__Exercise goal__. Omit the images, then print each record below exactly as it reads.

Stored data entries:

---+---

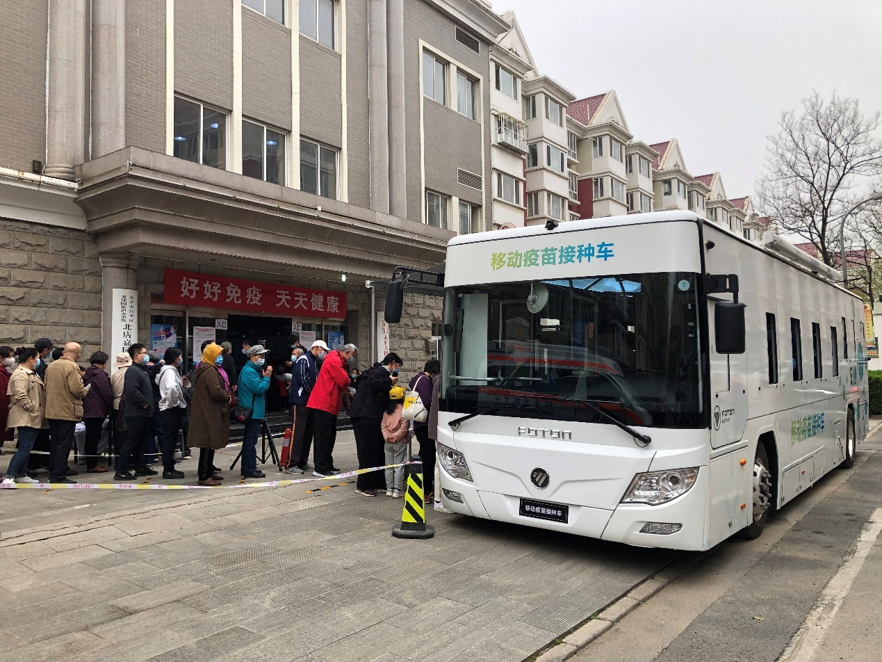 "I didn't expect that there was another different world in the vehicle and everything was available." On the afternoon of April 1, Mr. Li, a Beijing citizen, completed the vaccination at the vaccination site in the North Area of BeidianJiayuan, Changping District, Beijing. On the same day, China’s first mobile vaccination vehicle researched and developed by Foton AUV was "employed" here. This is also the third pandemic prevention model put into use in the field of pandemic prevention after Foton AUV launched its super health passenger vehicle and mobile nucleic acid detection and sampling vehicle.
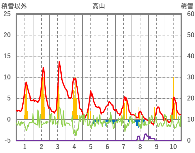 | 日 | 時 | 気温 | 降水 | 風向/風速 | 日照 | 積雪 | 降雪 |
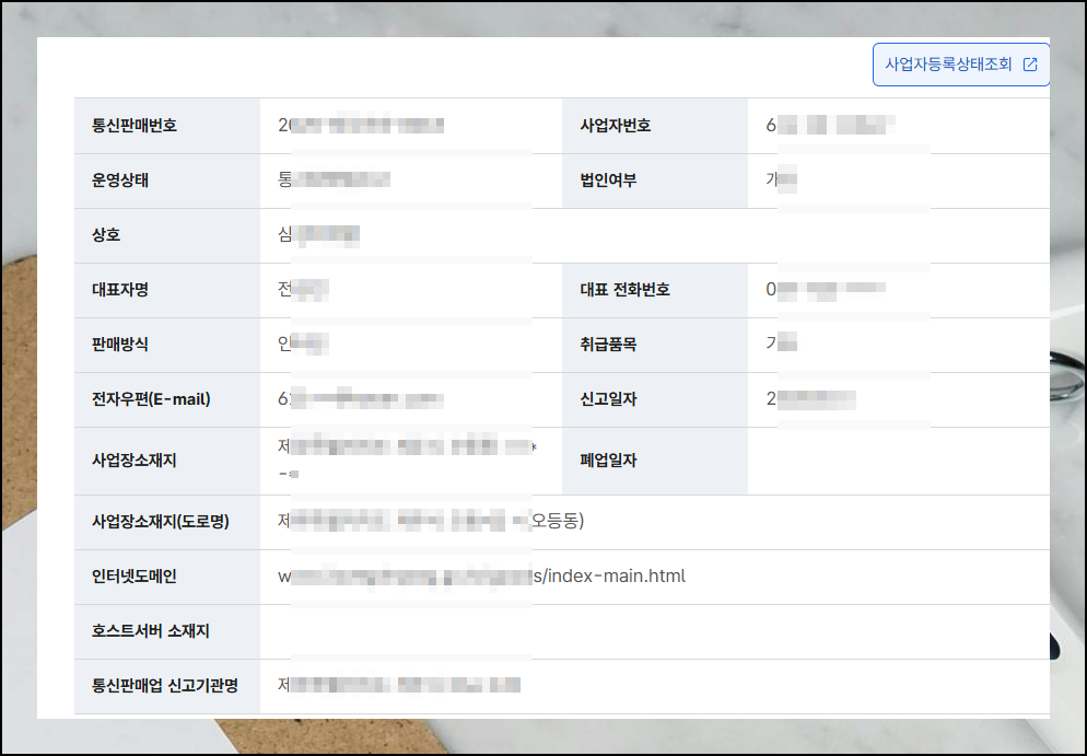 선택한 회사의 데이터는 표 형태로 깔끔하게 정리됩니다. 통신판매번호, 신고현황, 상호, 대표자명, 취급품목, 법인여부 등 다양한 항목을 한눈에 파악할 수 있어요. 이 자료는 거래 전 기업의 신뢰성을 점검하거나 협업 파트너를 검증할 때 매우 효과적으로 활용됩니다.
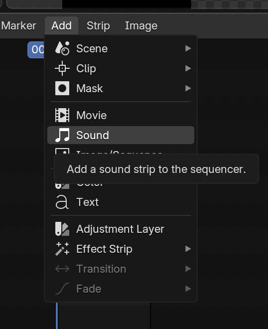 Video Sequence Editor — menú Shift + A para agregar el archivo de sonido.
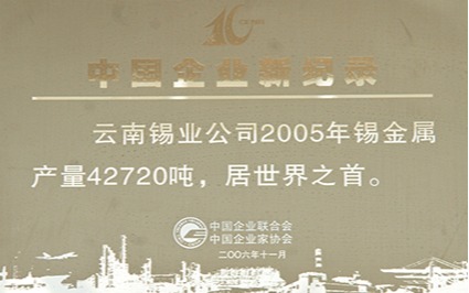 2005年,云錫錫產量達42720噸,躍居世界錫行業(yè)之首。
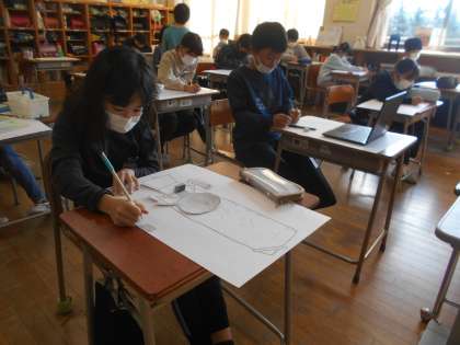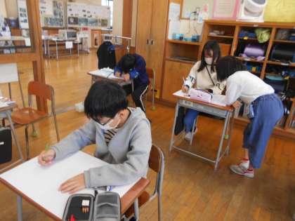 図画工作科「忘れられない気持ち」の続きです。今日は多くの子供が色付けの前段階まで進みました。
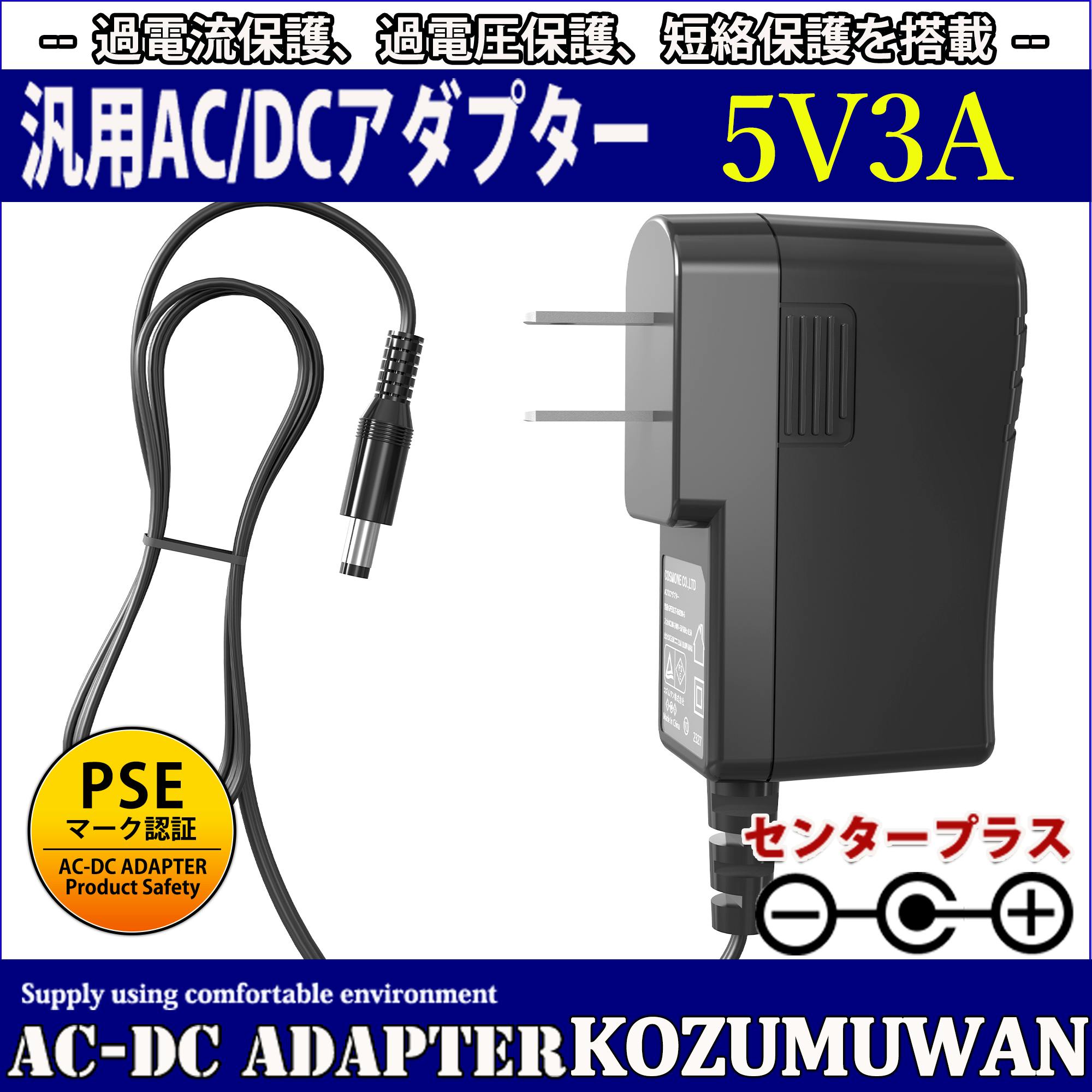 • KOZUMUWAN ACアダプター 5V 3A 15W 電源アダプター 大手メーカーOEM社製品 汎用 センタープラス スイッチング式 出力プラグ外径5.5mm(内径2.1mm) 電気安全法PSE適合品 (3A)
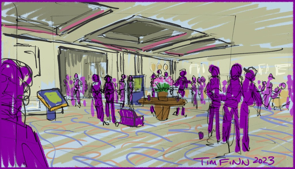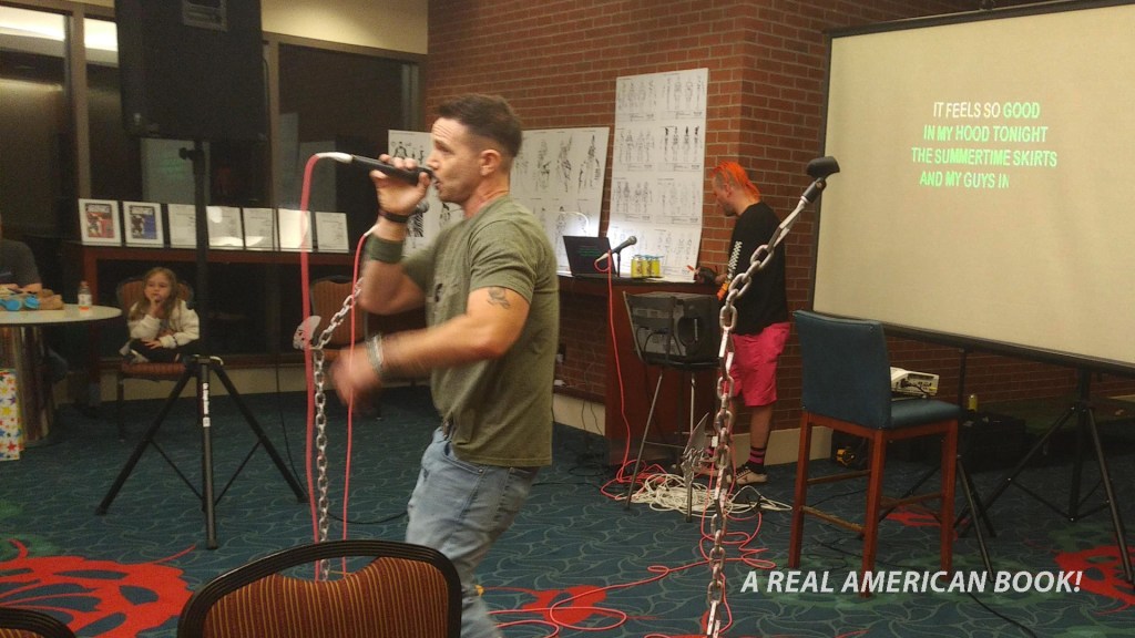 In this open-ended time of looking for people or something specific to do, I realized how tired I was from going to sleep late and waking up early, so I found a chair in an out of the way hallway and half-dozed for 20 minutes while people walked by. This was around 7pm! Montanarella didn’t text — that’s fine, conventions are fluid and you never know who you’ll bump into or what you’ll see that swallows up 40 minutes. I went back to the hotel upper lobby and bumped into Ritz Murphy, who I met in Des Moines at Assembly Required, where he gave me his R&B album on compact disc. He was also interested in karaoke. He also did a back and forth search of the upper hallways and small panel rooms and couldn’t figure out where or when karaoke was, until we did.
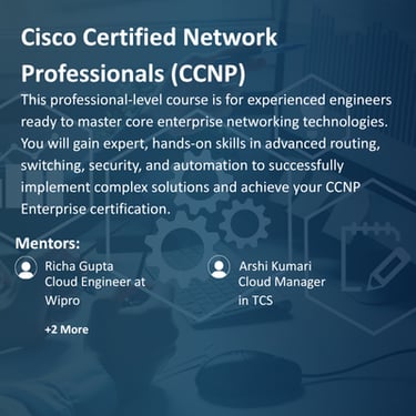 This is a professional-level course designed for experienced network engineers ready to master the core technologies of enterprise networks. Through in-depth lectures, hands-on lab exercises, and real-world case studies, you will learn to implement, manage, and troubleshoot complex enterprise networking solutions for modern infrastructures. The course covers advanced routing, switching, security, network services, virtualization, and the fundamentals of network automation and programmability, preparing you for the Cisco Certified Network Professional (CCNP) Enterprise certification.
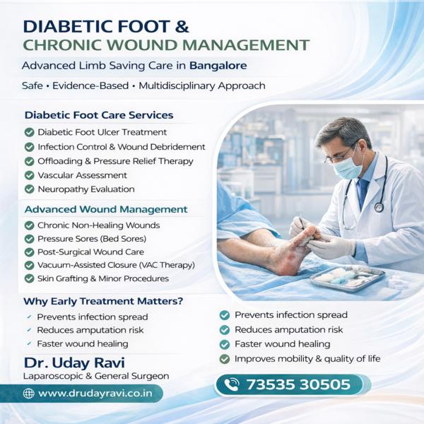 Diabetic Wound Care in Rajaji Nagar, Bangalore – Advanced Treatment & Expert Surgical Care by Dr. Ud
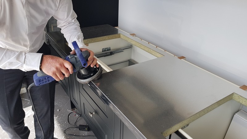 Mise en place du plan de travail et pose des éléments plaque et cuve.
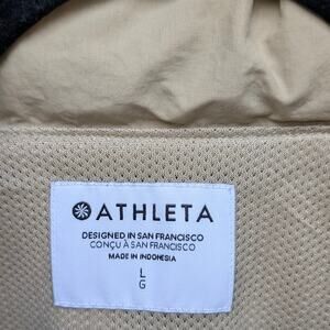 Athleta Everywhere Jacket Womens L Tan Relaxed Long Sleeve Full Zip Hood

---+---

__Expected output__.
 "I didn't expect that there was another different world in the vehicle and everything was available." On the afternoon of April 1, Mr. Li, a Beijing citizen, completed the vaccination at the vaccination site in the North Area of BeidianJiayuan, Changping District, Beijing. On the same day, China’s first mobile vaccination vehicle researched and developed by Foton AUV was "employed" here. This is also the third pandemic prevention model put into use in the field of pandemic prevention after Foton AUV launched its super health passenger vehicle and mobile nucleic acid detection and sampling vehicle.
 | 日 | 時 | 気温 | 降水 | 風向/風速 | 日照 | 積雪 | 降雪 |
 선택한 회사의 데이터는 표 형태로 깔끔하게 정리됩니다. 통신판매번호, 신고현황, 상호, 대표자명, 취급품목, 법인여부 등 다양한 항목을 한눈에 파악할 수 있어요. 이 자료는 거래 전 기업의 신뢰성을 점검하거나 협업 파트너를 검증할 때 매우 효과적으로 활용됩니다.
 Video Sequence Editor — menú Shift + A para agregar el archivo de sonido.
 2005年,云錫錫產量達42720噸,躍居世界錫行業(yè)之首。
 図画工作科「忘れられない気持ち」の続きです。今日は多くの子供が色付けの前段階まで進みました。
 • KOZUMUWAN ACアダプター 5V 3A 15W 電源アダプター 大手メーカーOEM社製品 汎用 センタープラス スイッチング式 出力プラグ外径5.5mm(内径2.1mm) 電気安全法PSE適合品 (3A)
 In this open-ended time of looking for people or something specific to do, I realized how tired I was from going to sleep late and waking up early, so I found a chair in an out of the way hallway and half-dozed for 20 minutes while people walked by. This was around 7pm! Montanarella didn’t text — that’s fine, conventions are fluid and you never know who you’ll bump into or what you’ll see that swallows up 40 minutes. I went back to the hotel upper lobby and bumped into Ritz Murphy, who I met in Des Moines at Assembly Required, where he gave me his R&B album on compact disc. He was also interested in karaoke. He also did a back and forth search of the upper hallways and small panel rooms and couldn’t figure out where or when karaoke was, until we did.
 This is a professional-level course designed for experienced network engineers ready to master the core technologies of enterprise networks. Through in-depth lectures, hands-on lab exercises, and real-world case studies, you will learn to implement, manage, and troubleshoot complex enterprise networking solutions for modern infrastructures. The course covers advanced routing, switching, security, network services, virtualization, and the fundamentals of network automation and programmability, preparing you for the Cisco Certified Network Professional (CCNP) Enterprise certification.
 Diabetic Wound Care in Rajaji Nagar, Bangalore – Advanced Treatment & Expert Surgical Care by Dr. Ud
 Mise en place du plan de travail et pose des éléments plaque et cuve.
 Athleta Everywhere Jacket Womens L Tan Relaxed Long Sleeve Full Zip Hood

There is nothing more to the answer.